*To do*: Give back exactly the lines of the entries below from the line with "Ansicht von oben." to the line with "Но подлинным водоразделом", inclusive, and only those.

** Records shown follows **

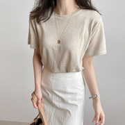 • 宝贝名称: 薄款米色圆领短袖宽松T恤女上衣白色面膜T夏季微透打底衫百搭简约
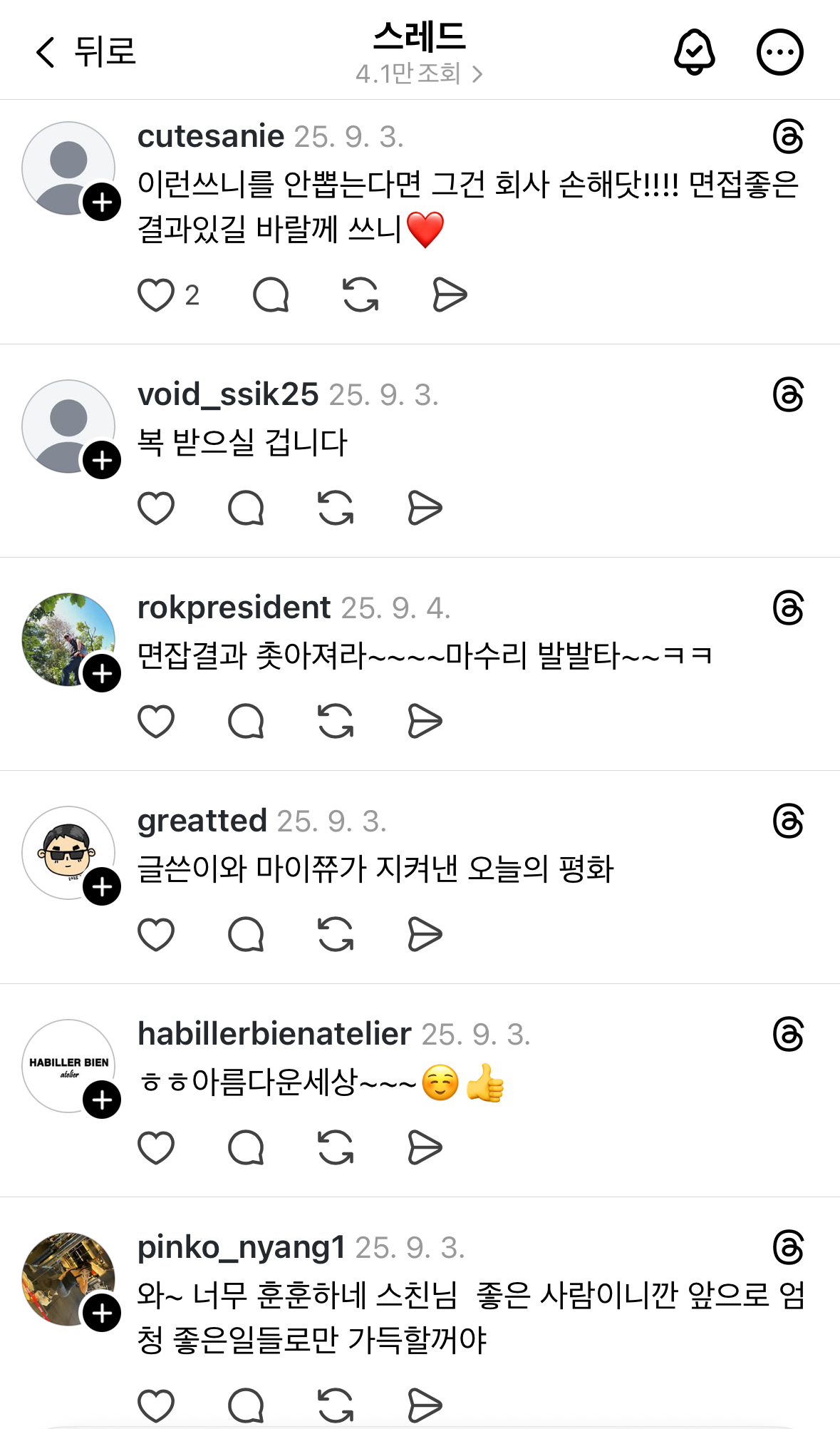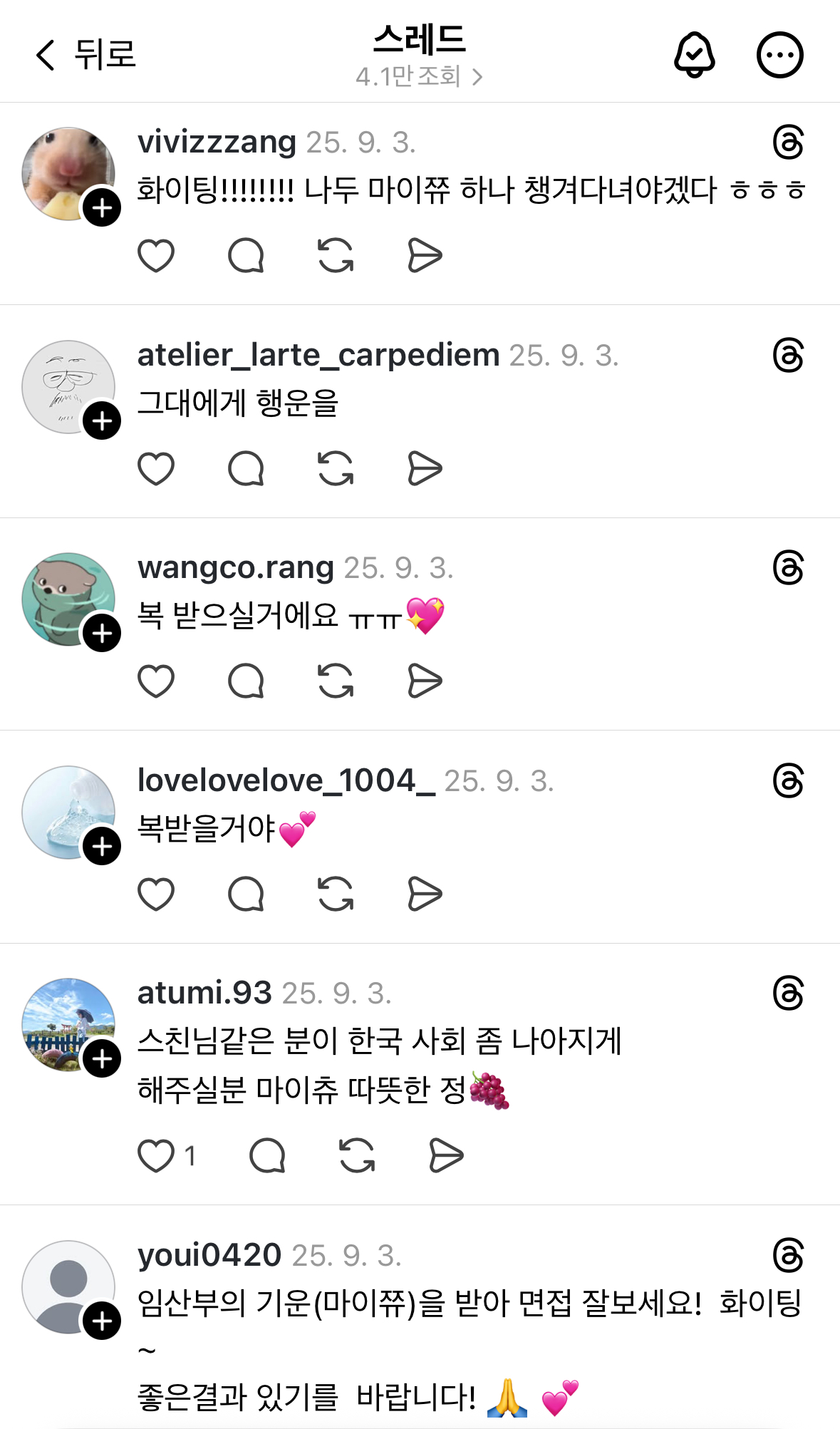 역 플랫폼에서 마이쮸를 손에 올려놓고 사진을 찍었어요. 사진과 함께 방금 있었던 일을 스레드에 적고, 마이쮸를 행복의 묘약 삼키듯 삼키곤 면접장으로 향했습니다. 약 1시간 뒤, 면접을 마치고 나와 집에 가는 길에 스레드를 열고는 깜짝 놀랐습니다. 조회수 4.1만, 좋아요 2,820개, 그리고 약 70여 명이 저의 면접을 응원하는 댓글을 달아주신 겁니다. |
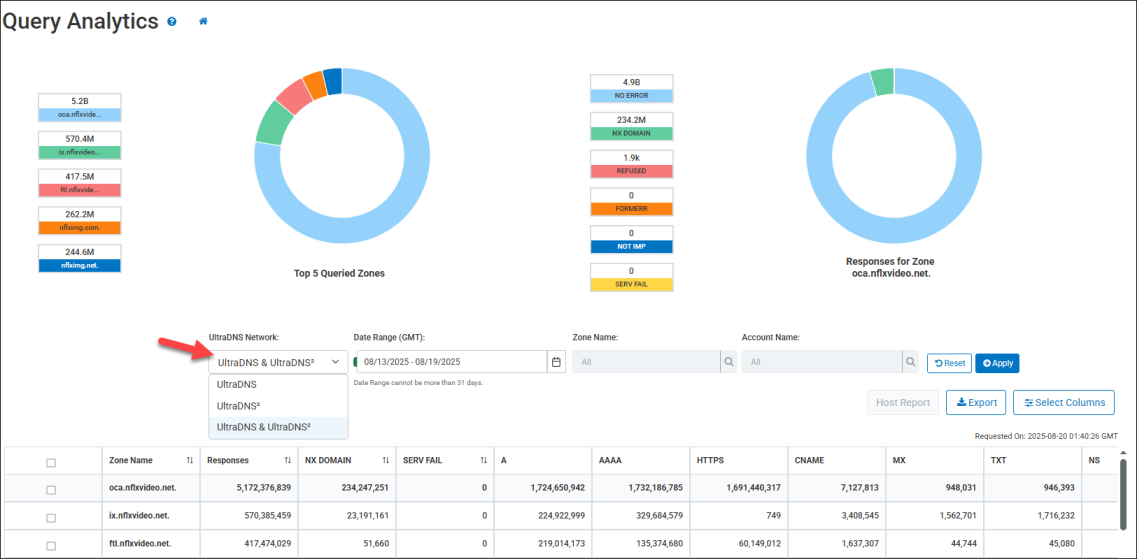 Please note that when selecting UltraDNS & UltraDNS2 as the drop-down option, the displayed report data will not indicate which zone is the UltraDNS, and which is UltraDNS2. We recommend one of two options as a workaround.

** End of Records shown **
** Records shown follows **

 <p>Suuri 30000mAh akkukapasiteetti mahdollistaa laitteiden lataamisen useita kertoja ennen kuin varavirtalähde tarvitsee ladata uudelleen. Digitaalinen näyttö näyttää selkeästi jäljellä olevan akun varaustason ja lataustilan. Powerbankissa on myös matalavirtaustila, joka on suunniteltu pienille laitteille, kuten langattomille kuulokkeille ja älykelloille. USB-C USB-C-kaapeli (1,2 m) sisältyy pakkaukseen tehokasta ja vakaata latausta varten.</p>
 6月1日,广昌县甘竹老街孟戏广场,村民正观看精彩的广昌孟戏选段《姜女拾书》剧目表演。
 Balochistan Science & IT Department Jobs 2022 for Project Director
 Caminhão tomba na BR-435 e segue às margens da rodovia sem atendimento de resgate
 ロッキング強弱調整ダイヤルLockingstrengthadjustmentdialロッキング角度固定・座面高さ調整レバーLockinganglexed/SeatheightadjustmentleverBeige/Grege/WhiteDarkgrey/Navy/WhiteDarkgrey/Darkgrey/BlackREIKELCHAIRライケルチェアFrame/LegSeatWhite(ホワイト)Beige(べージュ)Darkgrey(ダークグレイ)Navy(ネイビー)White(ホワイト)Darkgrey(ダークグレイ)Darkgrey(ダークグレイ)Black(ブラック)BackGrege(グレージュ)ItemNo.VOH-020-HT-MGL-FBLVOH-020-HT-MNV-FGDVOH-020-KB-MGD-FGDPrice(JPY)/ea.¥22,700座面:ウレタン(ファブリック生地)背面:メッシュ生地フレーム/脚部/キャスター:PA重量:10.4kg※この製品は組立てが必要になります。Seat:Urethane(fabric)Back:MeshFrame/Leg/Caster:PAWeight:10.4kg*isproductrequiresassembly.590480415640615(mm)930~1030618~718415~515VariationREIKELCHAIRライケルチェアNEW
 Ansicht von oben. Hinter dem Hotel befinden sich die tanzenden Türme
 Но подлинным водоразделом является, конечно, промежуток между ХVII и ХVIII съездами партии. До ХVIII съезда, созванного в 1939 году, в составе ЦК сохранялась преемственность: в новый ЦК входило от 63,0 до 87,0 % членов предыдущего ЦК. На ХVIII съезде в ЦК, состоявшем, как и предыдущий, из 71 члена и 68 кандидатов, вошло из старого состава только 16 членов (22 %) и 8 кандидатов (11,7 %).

** End of Records shown **

*Task answer*:
 Ansicht von oben. Hinter dem Hotel befinden sich die tanzenden Türme
 Но подлинным водоразделом является, конечно, промежуток между ХVII и ХVIII съездами партии. До ХVIII съезда, созванного в 1939 году, в составе ЦК сохранялась преемственность: в новый ЦК входило от 63,0 до 87,0 % членов предыдущего ЦК. На ХVIII съезде в ЦК, состоявшем, как и предыдущий, из 71 члена и 68 кандидатов, вошло из старого состава только 16 членов (22 %) и 8 кандидатов (11,7 %).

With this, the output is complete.